Ночь была тёплой и тихой. В блеклом свете луны особенно ярко ощущалось величие окружающих гор, а черное, усеянное мириадами звёзд небо завораживало своей красотой, дополняя общую картину. Дариус хотел бы ей наслаждаться, если бы не липкое, мерзкое чувство в груди. Страх. Ужас перед надвигающимся штормом.
Юный паладин хотел домой, но ему стыдно было себе в этом признаться. Трусость, сомнения, неуверенность всю жизнь преследовали его, и вот снова, он столкнулся с ними в неравной схватке. Дариус был уверен, что пройдя обучение в Академии, испытав все лишения мира на тропе паладина, он навсегда избавится от этих мерзких ощущений. Но они никуда не делись, погружая молодого некроманта ещё глубже в пучину сомнений.
— По чему тоскуешь, некромант? — неспешно вышедший из тени Шут встал рядом с парнем, любуясь догорающим костром.
— Дурацкое… Предчувствие. — Дариус посмотрел на пожирателя, лишь на мгновение задержавшись взглядом на его красных глазах. Они более не пылали холодной, бесчеловечной жестокостью и злобой. Это были глаза простого, живого фавна, лишь слегка неестественного цвета. — Не нравится мне здесь. И мне… так никто и не объяснил, по какой причине мы направляемся к ренегатам?

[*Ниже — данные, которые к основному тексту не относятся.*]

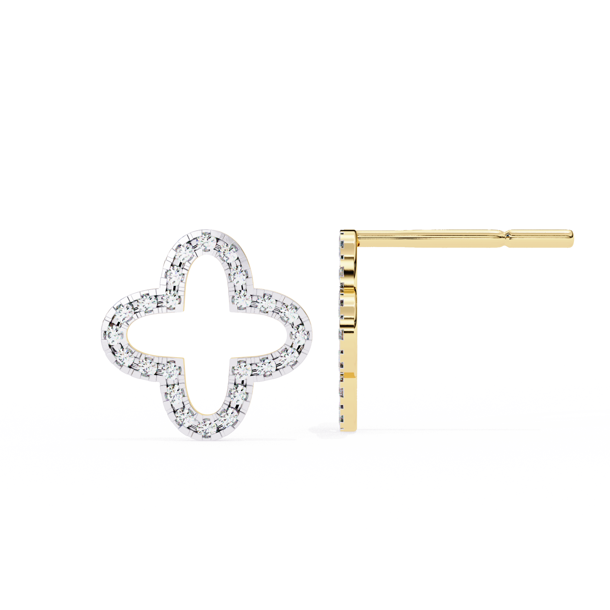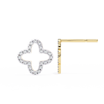 This earring features a refined and elegant design, characterized by a clover-shaped outline encrusted with sparkling white stones, likely diamonds, set in a white metal such as white gold or platinum. The clover, often symbolizing luck and harmony, is open in the center, lending the piece a modern and airy aesthetic.

— Ренегаты… В долгу перед лордерионом. — спокойно сказал Флеаст, доставая из ножен свой кинжал, и присаживаясь рядом с собратом.
— И что же они должны? — безразлично бросил Дариус.
— Это политика… — коротко ответил пожиратель. — Она, подлая гадюка, как загадочный, обоюдоострый меч, со скользкой рукоятью. Глупец тянется к нему, манящий звон сладостных обещаний застилает его разум. Но стоит к нему лишь прикоснуться… — он на мгновение замолчал. — Получит невиданную власть, лишь на ветра дуновение. Но и в грядущее мгновение… Глупец лишиться головы.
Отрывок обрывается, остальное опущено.